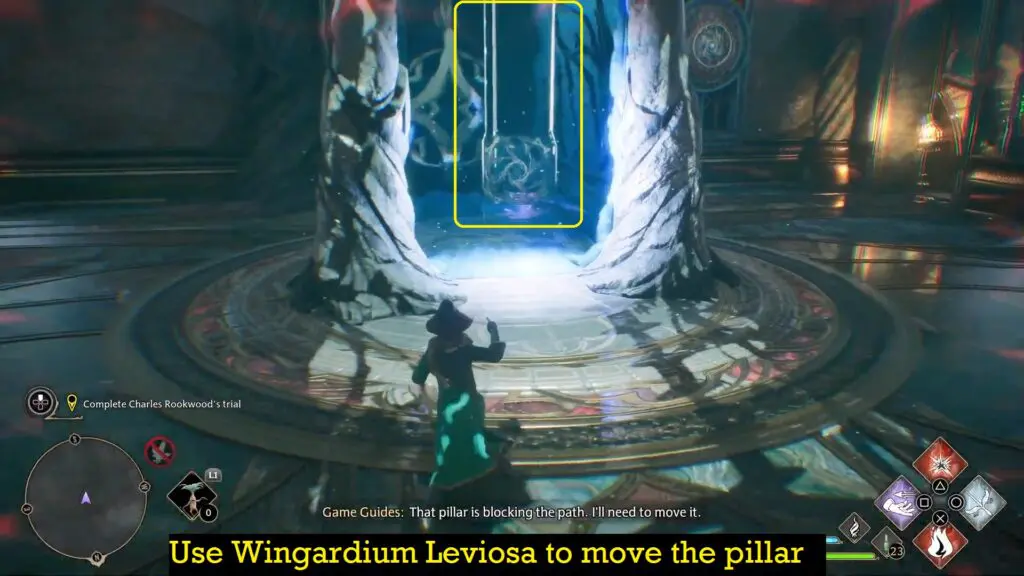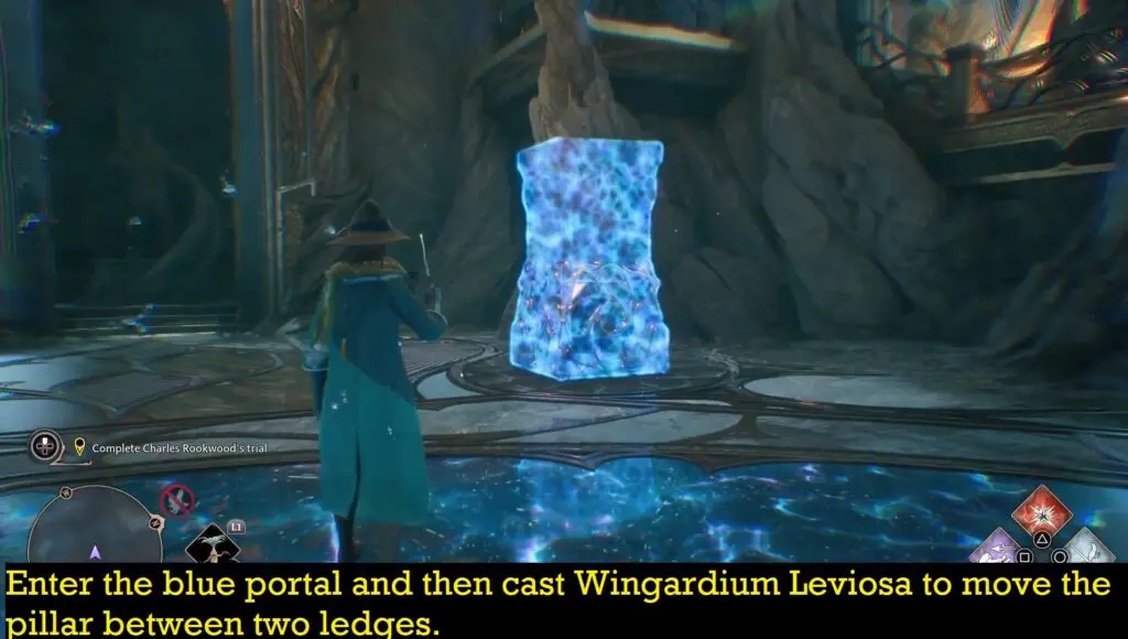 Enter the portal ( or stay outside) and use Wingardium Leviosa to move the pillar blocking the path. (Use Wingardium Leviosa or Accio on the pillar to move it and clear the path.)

* * *

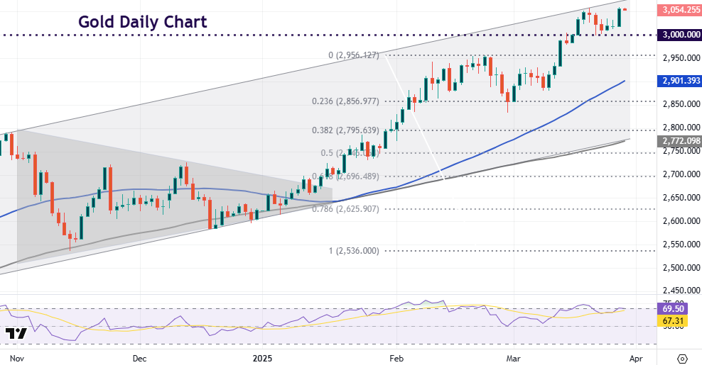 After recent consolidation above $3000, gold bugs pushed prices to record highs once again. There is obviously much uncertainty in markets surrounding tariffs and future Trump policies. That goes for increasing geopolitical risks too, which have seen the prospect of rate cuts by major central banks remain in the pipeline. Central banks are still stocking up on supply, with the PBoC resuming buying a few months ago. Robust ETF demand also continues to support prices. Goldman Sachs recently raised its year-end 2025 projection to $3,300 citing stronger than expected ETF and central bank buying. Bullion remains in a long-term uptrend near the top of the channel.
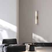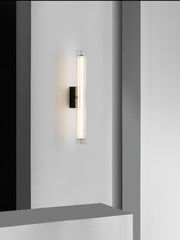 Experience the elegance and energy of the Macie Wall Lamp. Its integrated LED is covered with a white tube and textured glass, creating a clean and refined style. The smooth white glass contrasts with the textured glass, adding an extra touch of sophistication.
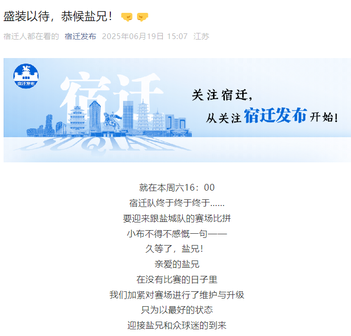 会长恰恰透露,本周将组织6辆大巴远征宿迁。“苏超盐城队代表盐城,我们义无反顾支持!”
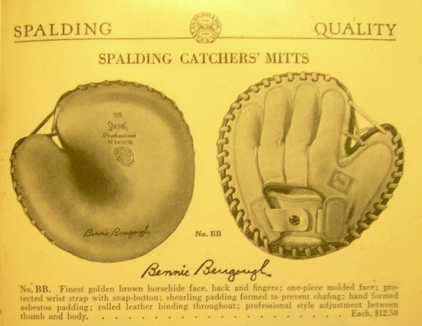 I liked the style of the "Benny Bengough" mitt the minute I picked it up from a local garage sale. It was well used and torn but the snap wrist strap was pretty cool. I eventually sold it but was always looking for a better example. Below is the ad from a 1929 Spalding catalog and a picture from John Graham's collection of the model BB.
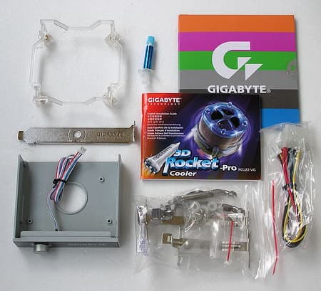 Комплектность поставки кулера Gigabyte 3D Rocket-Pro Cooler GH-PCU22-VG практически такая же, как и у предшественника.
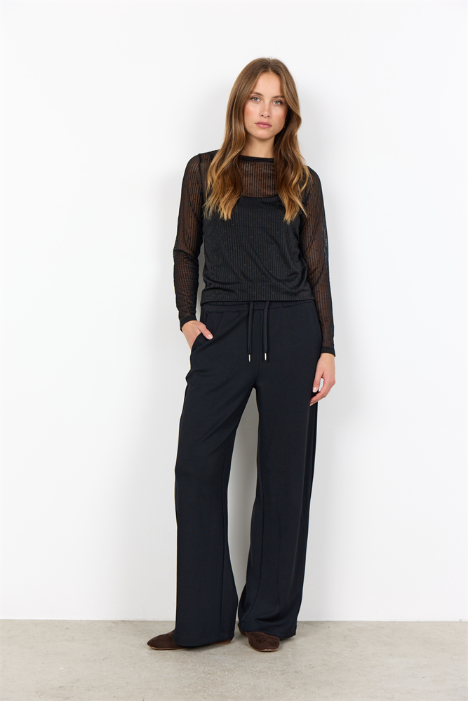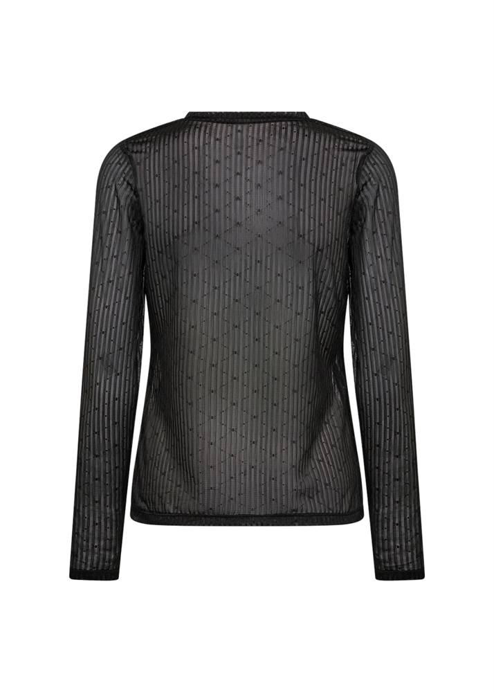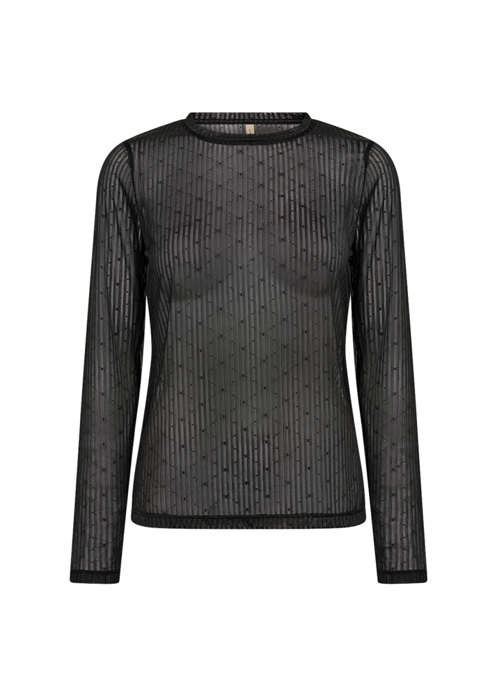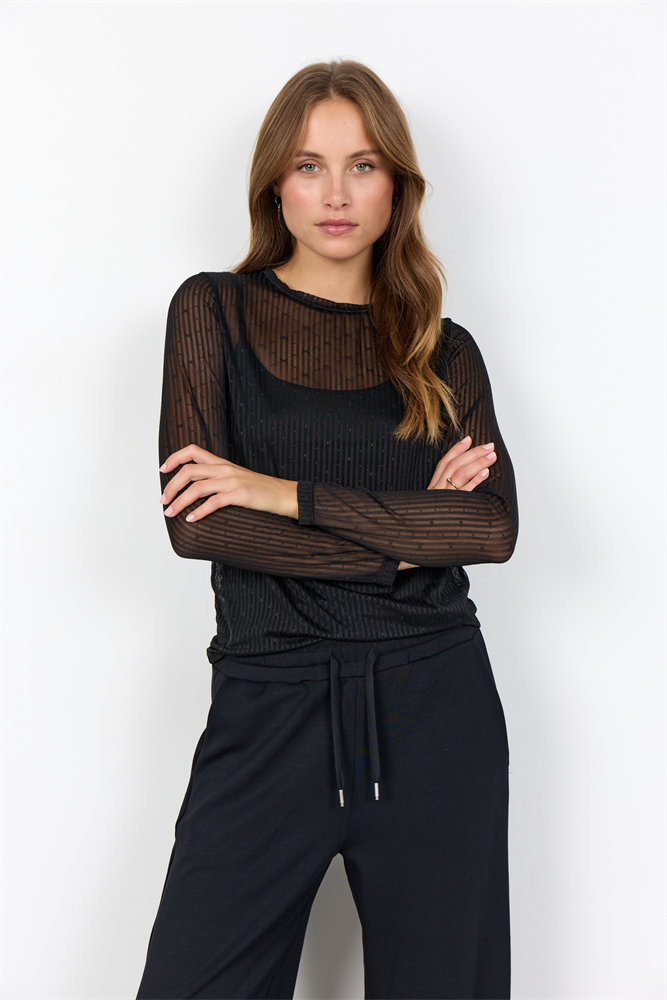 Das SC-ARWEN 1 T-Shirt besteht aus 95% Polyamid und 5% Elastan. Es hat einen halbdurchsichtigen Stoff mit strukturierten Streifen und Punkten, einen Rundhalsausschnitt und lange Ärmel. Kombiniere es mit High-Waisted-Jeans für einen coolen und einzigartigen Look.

---

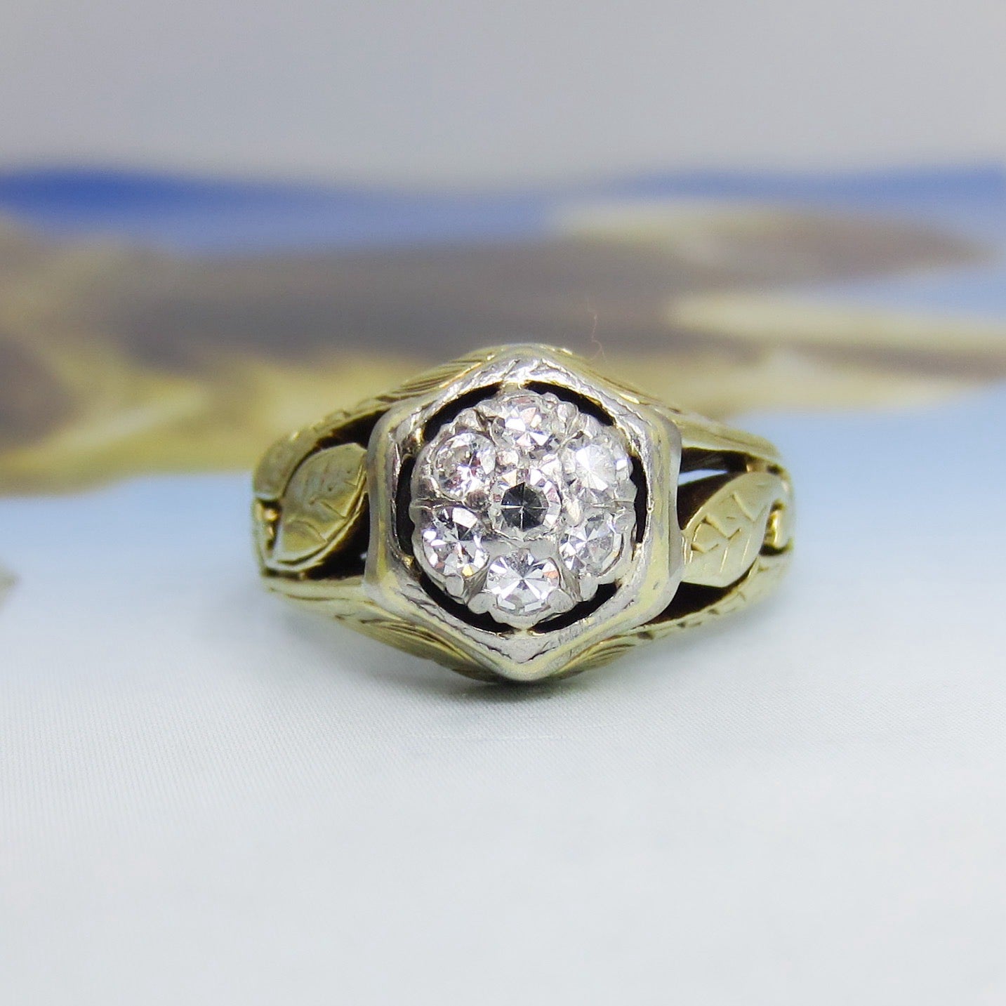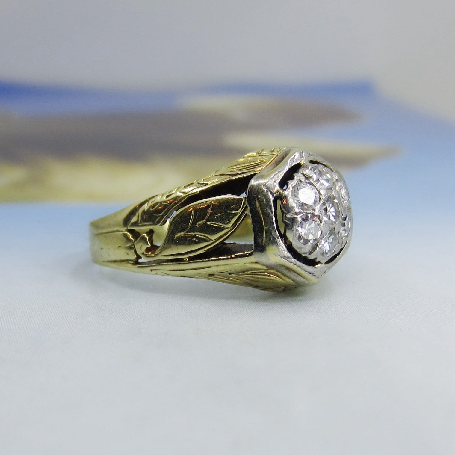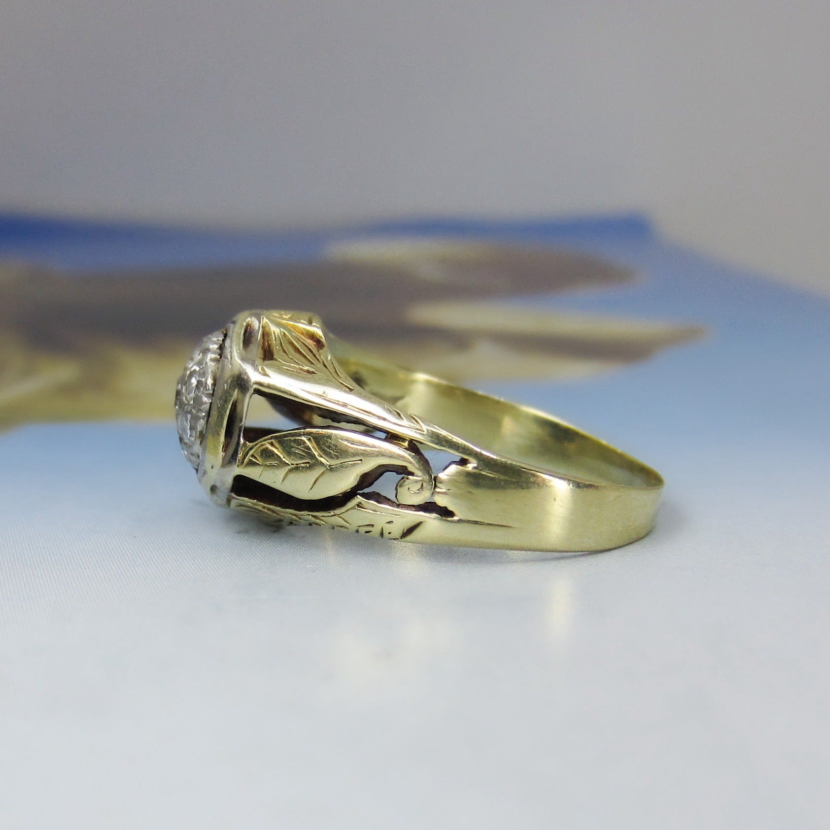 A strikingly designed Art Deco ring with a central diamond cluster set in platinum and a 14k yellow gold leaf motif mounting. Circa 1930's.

• [Task details]: Although pictures appear among the records above, none are to be output; print exactly the lines from the line containing "I liked the" through the line containing "Das SC-ARWEN 1".

• [Answer for this exercise]:
 I liked the style of the "Benny Bengough" mitt the minute I picked it up from a local garage sale. It was well used and torn but the snap wrist strap was pretty cool. I eventually sold it but was always looking for a better example. Below is the ad from a 1929 Spalding catalog and a picture from John Graham's collection of the model BB.
 Комплектность поставки кулера Gigabyte 3D Rocket-Pro Cooler GH-PCU22-VG практически такая же, как и у предшественника.
 Das SC-ARWEN 1 T-Shirt besteht aus 95% Polyamid und 5% Elastan. Es hat einen halbdurchsichtigen Stoff mit strukturierten Streifen und Punkten, einen Rundhalsausschnitt und lange Ärmel. Kombiniere es mit High-Waisted-Jeans für einen coolen und einzigartigen Look.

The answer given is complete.